▶ **Assignment**
From the records below, print only the part that opens with the line containing "am 10. Februar" and closes with the line containing "De acordo com"; omit the pictures.

▶ **Material supplied**
☆ ☆ ☆
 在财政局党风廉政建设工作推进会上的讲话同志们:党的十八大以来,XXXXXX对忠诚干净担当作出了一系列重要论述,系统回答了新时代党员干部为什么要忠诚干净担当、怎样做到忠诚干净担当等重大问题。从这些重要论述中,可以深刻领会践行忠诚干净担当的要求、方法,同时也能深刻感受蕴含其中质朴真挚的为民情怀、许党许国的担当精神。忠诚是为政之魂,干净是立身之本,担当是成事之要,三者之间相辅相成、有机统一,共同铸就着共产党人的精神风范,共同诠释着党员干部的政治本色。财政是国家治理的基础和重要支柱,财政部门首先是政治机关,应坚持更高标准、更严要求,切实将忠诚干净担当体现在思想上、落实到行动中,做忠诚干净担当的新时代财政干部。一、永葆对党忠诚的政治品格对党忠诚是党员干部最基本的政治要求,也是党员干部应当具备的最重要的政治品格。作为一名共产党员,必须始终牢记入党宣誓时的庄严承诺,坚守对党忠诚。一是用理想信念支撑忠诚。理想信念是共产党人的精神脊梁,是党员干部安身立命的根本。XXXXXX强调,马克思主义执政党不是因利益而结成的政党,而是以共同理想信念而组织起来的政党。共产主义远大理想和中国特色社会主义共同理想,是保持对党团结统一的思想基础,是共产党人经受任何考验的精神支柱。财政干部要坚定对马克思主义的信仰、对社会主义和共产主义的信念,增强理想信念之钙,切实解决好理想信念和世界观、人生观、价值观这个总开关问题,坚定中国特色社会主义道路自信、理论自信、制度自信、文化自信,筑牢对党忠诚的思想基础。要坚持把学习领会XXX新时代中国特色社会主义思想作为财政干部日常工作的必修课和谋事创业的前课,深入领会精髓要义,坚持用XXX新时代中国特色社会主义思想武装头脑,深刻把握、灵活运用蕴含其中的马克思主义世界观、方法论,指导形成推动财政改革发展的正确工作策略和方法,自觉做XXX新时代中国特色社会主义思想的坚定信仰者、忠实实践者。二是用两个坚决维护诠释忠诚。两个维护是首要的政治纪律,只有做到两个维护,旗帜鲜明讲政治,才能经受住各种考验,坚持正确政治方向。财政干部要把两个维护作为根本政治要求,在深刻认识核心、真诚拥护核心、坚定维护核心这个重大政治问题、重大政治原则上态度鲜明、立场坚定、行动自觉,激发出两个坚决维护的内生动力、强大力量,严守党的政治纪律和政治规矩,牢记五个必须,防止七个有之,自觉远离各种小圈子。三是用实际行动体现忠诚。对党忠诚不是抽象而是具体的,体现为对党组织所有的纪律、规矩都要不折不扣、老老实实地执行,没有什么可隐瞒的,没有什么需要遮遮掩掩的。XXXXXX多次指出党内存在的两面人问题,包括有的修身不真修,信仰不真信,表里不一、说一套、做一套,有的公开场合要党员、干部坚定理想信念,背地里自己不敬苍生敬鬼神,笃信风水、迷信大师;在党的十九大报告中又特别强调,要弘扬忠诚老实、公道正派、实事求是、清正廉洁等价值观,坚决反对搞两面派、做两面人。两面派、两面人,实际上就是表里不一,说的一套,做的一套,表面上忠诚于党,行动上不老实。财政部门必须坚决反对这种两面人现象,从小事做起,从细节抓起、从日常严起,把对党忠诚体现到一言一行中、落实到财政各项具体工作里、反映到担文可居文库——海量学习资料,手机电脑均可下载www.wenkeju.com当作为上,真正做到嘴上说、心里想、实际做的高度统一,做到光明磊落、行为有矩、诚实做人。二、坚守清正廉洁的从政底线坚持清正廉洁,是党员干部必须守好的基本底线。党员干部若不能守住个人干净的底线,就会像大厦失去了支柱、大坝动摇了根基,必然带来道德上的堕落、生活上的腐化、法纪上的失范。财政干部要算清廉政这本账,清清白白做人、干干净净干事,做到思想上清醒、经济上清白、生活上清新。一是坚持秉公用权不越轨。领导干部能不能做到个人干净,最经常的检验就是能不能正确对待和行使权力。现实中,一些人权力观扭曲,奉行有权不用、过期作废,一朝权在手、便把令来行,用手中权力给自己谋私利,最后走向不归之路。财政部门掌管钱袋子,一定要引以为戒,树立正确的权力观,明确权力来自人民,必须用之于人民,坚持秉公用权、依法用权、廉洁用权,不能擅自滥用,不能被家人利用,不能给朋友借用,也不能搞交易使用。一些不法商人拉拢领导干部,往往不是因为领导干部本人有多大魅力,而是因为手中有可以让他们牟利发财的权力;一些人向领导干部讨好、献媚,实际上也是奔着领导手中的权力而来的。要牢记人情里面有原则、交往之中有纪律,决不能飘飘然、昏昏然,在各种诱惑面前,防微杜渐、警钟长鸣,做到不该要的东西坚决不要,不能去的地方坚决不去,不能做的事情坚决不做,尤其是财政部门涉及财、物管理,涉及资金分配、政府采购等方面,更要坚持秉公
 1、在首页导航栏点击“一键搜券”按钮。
☆ ☆ ☆
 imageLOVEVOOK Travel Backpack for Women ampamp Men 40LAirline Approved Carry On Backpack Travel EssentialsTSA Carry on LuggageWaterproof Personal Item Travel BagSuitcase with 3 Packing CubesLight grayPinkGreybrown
☆ ☆ ☆
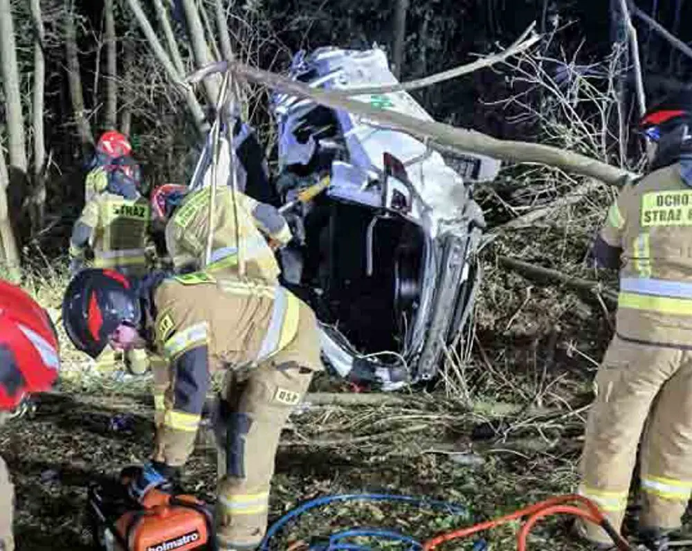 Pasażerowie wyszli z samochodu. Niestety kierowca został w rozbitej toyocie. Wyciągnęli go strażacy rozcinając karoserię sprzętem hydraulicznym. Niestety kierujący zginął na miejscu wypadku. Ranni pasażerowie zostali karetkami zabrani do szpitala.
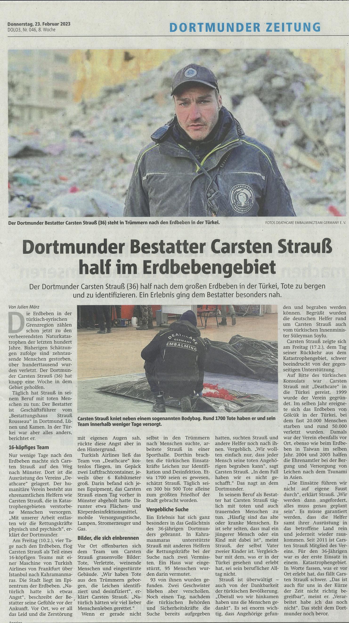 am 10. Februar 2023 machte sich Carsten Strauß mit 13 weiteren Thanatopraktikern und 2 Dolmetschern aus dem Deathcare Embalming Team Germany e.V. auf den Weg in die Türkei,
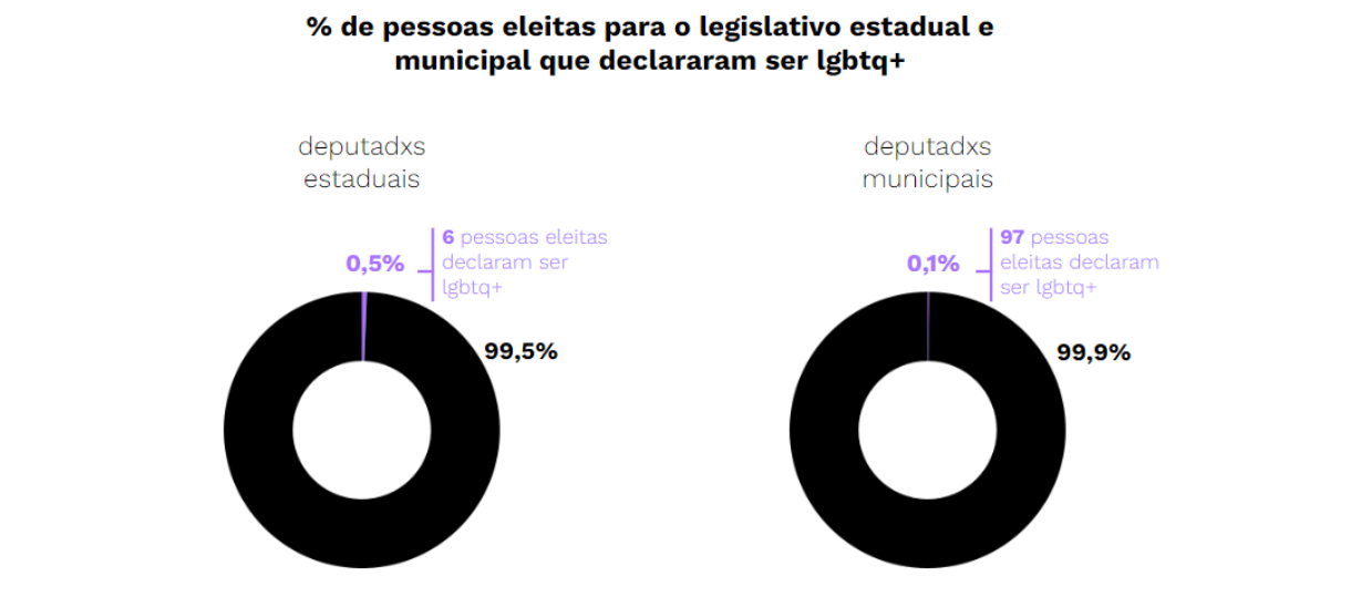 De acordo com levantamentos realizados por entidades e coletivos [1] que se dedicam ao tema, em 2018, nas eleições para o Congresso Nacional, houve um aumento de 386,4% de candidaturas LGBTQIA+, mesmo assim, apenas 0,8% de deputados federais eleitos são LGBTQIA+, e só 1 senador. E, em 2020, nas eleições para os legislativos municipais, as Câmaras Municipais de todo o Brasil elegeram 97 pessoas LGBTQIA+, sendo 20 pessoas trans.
☆ ☆ ☆
▶ **Exercise solution**
 am 10. Februar 2023 machte sich Carsten Strauß mit 13 weiteren Thanatopraktikern und 2 Dolmetschern aus dem Deathcare Embalming Team Germany e.V. auf den Weg in die Türkei,
 De acordo com levantamentos realizados por entidades e coletivos [1] que se dedicam ao tema, em 2018, nas eleições para o Congresso Nacional, houve um aumento de 386,4% de candidaturas LGBTQIA+, mesmo assim, apenas 0,8% de deputados federais eleitos são LGBTQIA+, e só 1 senador. E, em 2020, nas eleições para os legislativos municipais, as Câmaras Municipais de todo o Brasil elegeram 97 pessoas LGBTQIA+, sendo 20 pessoas trans.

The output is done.